Learned helplessness can hurt students in school. The sense that you’ve failed once can become a self-fulfilling prophecy for future failure. Somewhere along the way, the paradigm needs to be changed. Both for youngsters, the middle-aged, and with the elderly, when they reach a point of feeling they have no control over losing jobs, pensions, health benefits, loved ones, their freedom and their power. What then?

Think of the one-third that made it

Yes, think of the one-third of the dogs that made it past the shocks, which translates to people being able to “immunize” themselves from uncontrollable pain, simply by increasing their awareness of former positive experiences. One way to express this is through social action, through fighting your way through the standard fare of faux elections, false flag attacks, the unending flow of terror alerts, and raising your consciousness to the possibility of change, change you can make for yourself, for society, for your loved ones, change in the moment, like now.
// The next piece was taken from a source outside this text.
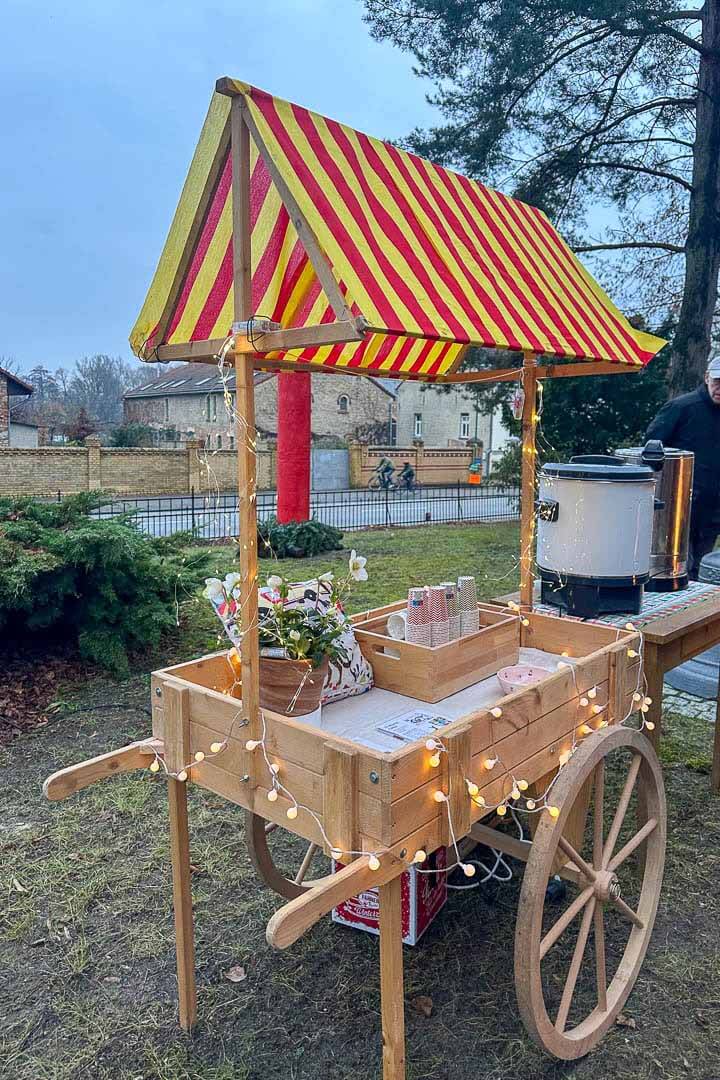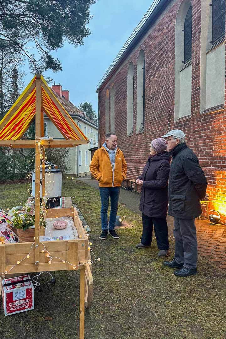 Vor der Kirche wartete ein liebevoll gestalteter Holzwagen, auf dem Glühwein und Punsch ausgeschenkt wurden. Die Getränke wurden vom Gewerbeverein und von netzgewinn gespendet. Antonia schmückte den Wagen mit warmen Lichtern, einer Christrose und einem Kissen aus dem Stoff von Wolfgangs Bild „Planet Pille Palle“. So entstand bereits vor Beginn des Programms eine stimmungsvolle Atmosphäre.

You may be smirking at this and saying yeah, we went from the philanderer Clinton to the misanthropic idiot Bush to who? Yeah, but look back in history and find FDR (with that perennial smile on his face fighting WW II). And find JFK (hopeful to the last second), find Lincoln (whose legacy exceeded his sudden end), find Jefferson, Washington, Rousseau, Edmund Burke, and all those great spirits that lifted humanity out of the sump.

In your personal life, find out what’s bugging you, and find a way to “get over it,” through it, around it, and watch the depression, the sense of helplessness fade away. Why is this important? It releases great amounts of positive human energy to wipe away the negative elements and those who would like you to sit in that sump while they continue to loot the treasury of your life.

If helplessness can be learned, so can activism, personal, social, globally . . . that, too, can be learned. And we can, as the Beatles sang, “Come together.” Thing of that lovely liberation of saying, “Yes, we can.” Sorry Obama, I’m copping your copy. But even the search for political truth, as any other kind of truth, takes an ongoing optimism to dig into the crap and get to the bottom of it. And so, beware of the symptoms of “learned helplessness” in yourself and others. Don’t catch it. Hang in, folks. Don’t succumb to what the “network newsies” tell you. Make your own news; find the truth.

Take charge, realize your power to respond to challenge, and don’t give up. You will be rewarded with an incalculable pleasure for every obstacle, for every political lie, social miasma, you cut through. You will be your own person, not their couch potato. You will realize what power you have. If I’m sounding too much like Dr. Deepak Chopra, slap me. But do unlearn the helplessness produced from the last eight years or more, or even your entire life, and learn the activist path, the “I can do” path to problem solving: financial, environmental, political, personal, parental, economic, on and on . . .

Just think of Dennis Kucinich. He is the toughest, truest, gutsiest politician in America. He bucked the Iraq war. He’s brought articles of impeachment against Bush and Cheney. He is surviving an attempt to unseat him from his Ohio seat in Congress. His beloved younger brother died suddenly in the middle of all this. He is short and somewhat homely looking, though he has an incredibly beautiful, younger wife.

And what does the guy do? Succumb to the pain? No, he bounces back. Says screw it, Impeachment is not off the table. He reads his 35 articles of impeachment to Congress. Congress tries to ignore him until they can’t. Until even that turncoat Nancy Pelosi says okay, let him read his new article of impeachment. It’s not off the table. And he’s still out there, talking, fighting, trying to remove the criminals from the White House.

This is your garden, baby. Don’t let anybody put you in a box or a cage and figure you’re not going to leap back out. It’s amazing what you learn, for instance, when you help your son prepare for his college psych 101 exam. Like finding out about “learned helplessness” and getting over it. Let’s climb out of the Yellow Submarine once and for all. Let’s do it. Just do it. It feels good. James Brown, where are you?